Robot Rock is based on a song called "The Same" by Daft Punk. And yeah, I think robots are cool, but they're even cooler when you choose to go with a different style! Let's just say, with this piece, I tried to make a different kind of robot...

In this tutorial I will show you how I modelled some of the parts, how I lit the character, and the final colour correction work that I did in Photoshop. I'm sorry to say this actually, but I didn't start with a concept drawing for this piece. Instead, I started with a picture of my girlfriend's cat, called "Edgy" - a Persian cat with sad eyes. This wasn't my only reference though; I took care to find anything related to robots, referencing lots of concept art and 3d models. Surely I knew I wouldn't model a cat, but I found it cool to start out using the cat's eyes as reference. I should mention here actually that the general basic idea for this piece was a dead 'Astro' boy.

Eyes are always the most important thing on a model, and I should say that I put more effort there. For this model I took a lot of time getting the right proportion with the eyeball; I really wanted to feel the eyelid surrounding the eyeball (Fig01). When that was done, I only had to model a face that was going to fit with this kind of eye. The only thing I took care of after that was to achieve a clean mesh, simply because I wanted something clean.

419_tid_Fig1.jpg
Fig. 01

I always follow basic anatomy in my work. There are few rules I try to follow during modelling: I try to not have stretch polygons; I aim to make my character look cool from every angle - even if I know I will pose him from a front view; and my character must look cool with no meshsmooth. Here I've put together a little progression, with a mini basic nose tutorial (Fig02 and Fig03).

419_tid_Fig2.jpg
Fig. 02

419_tid_Fig3.jpg
Fig. 03

I always start the nose modelling this way. You will notice that the last two ones don't have the same mesh. That's because I like to have the basic shape first, and redo the mesh later.

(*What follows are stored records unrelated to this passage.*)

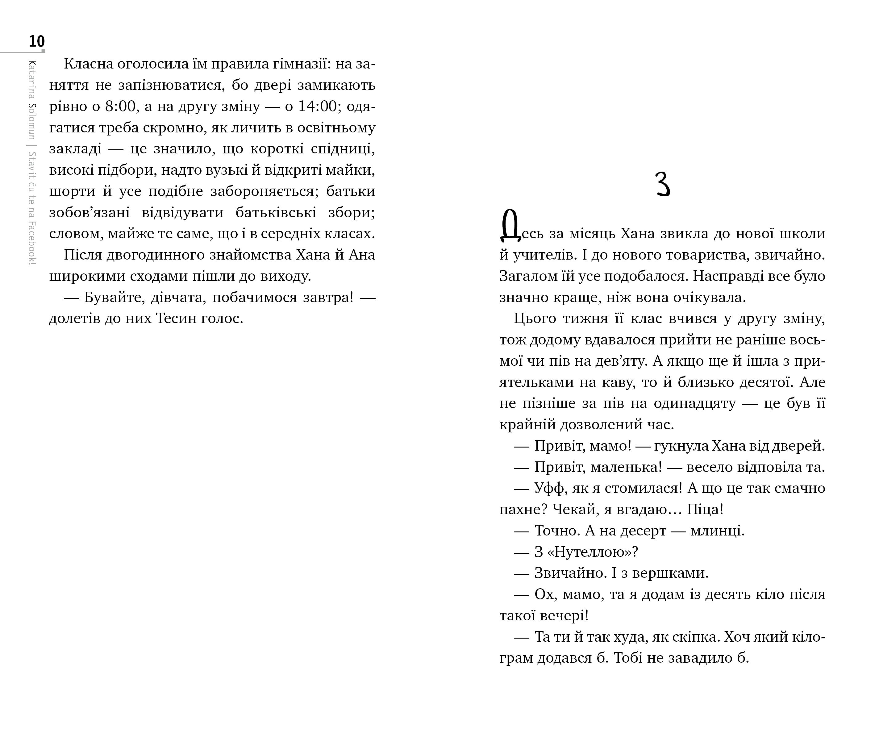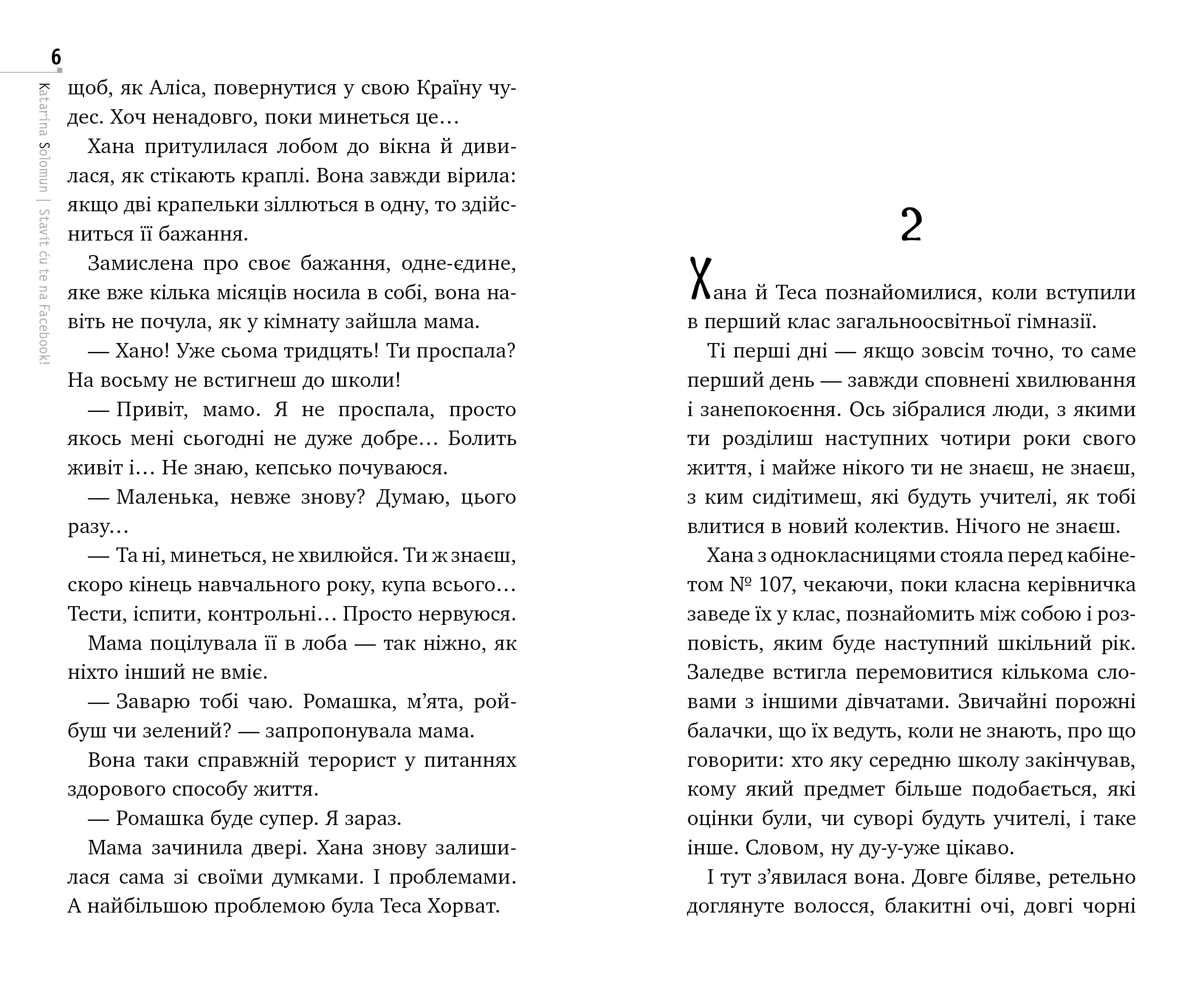Хана й Ґонти познайомилися, коли вступили в гімназію. Та від самого початку в їхніх відносинах щось пішло не так: дві героїні йдуть у нове життя різними шляхами... Перше кохання, ревнощі й заборонені прийоми — вісь ключові складові оповіді, що не дають відірватися від читання ні на мить. А поряд іще й батька — із задавненими комплексами та різними поглядами на життя: подорослішати мають не лише діти.
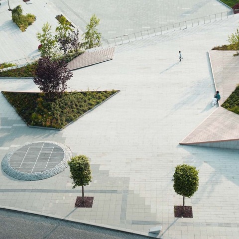 Parque público con plataformas para contemplar el atardecer, una rampa curva, una sala de teatro exterior y un parking subterráneo con 1.000 plazas de aparcamiento.
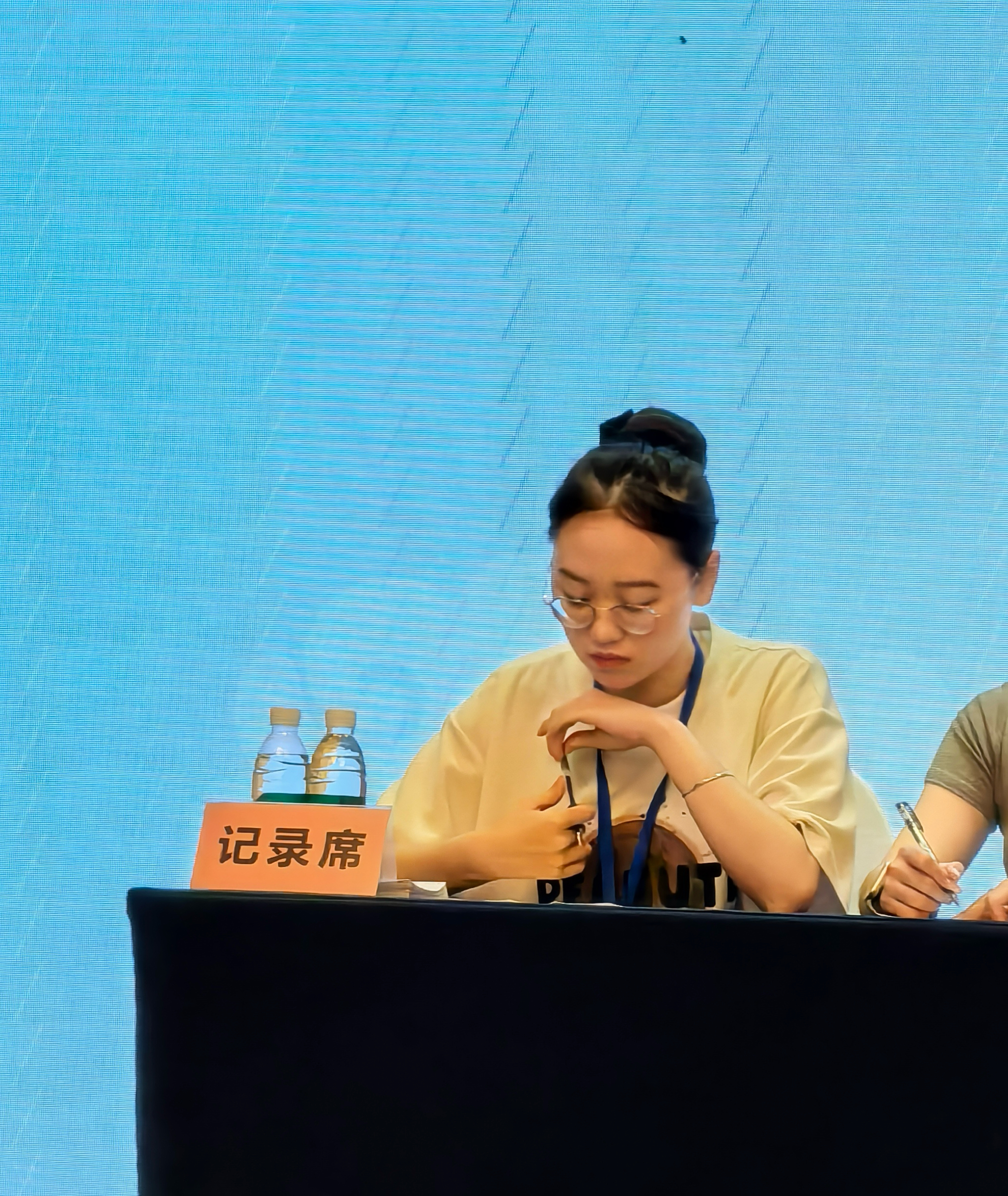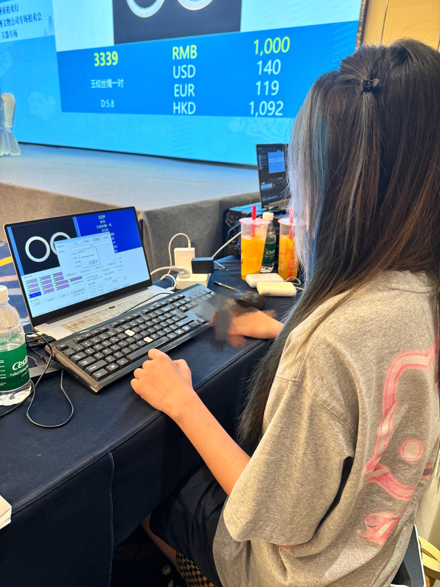 7月25日下午至26日,拍卖阶段正式开启,槌声落处,活动迎来高潮。团队成员各守其岗、全力投入:台前记录员紧盯进程,笔屏同步精准记录拍品品号与成交价,确保数据无误;台下同学守着电脑,随拍卖牌起落、喊价声起伏,快速调整PPT价格动态,实时呈现竞价进度;预展区仍有成员坚守,为客人近距离展示待拍物品、讲解工艺与历史;后台成员则专注文件核对与数据校验,以前后联动保障竞价平稳、成交规范。
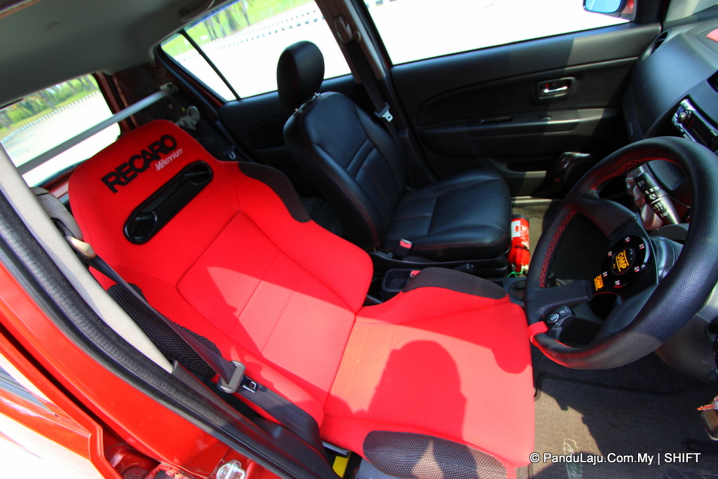 Memasuki ruang kabin, jentera ini dipadankan kerusi semi bucket. Bahagian pengendalian pula menggunakan stereng OMP dan tombol gear Teflon Works Engineering. Sesi pemanduan jadi lebih ceria dengan pemain audio Alpine dan set pembesar suara yang dinaik taraf.
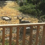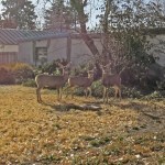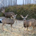 When I got home just after sunset, one doe and her fawn were still in my backyard, so I chased them out, and they crossed the wide street to my neighbor’s small front yard, surrounded by a hedge. These seem to be strictly urban deer now – a whole new breed, comfortable around people, thriving on pavement, surrounded by city traffic, more than a mile from undeveloped habitat. Dystopia is no longer a fantasy of the future.
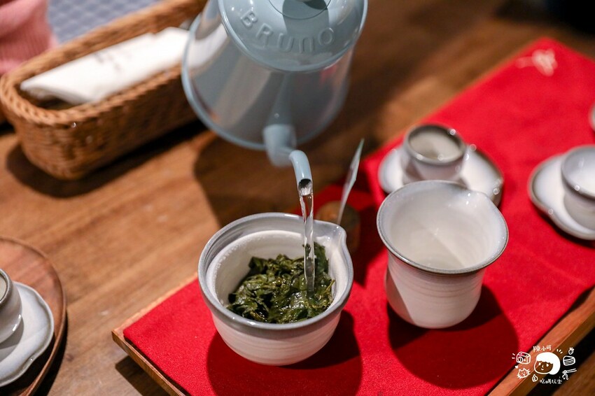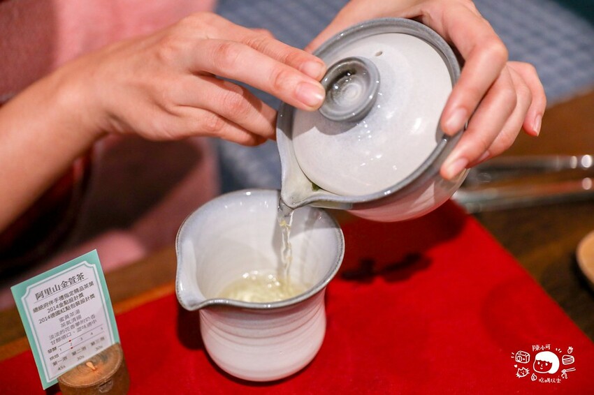 選用阿里山金萱茶,茶湯有明顯奶香,清香又順口的茶品很適合餐後解膩。

The muscle was the easiest thing to do. I wanted to make different kinds of joints between the arm and torso; I didn't want to make something too clichéd, so I modelled something that looked organic, yet at the same time robotic. So I used anatomy references and built a quick shoulder and arm. The technique, as you will see from Fig04, is quite simple. I just added a cylinder, copied it into a circle and added a twist modifier. With that done, I added a taper modifier to give the muscle a rounded shape, and with the help of the ffd box, I place it how I wanted it and it looked just like muscle!

419_tid_Fig4.jpg
Fig. 04


The three tubes at the back were really quick and easy to model, too. I started adding a cylinder with 18 sides, and gave each section a 20 degree angle. I just kept one section and began working on it. When one section was done, I just copied it 18 times, with a 20 degree angle, and welded them together. That created one row. I copied that with a 10 degree rotation and weld the new part on the other. When I'd got one section with two different rows, I could then duplicate it and make the tube "thing". At the end, I just added a taper to give the rounded shape (Fig05).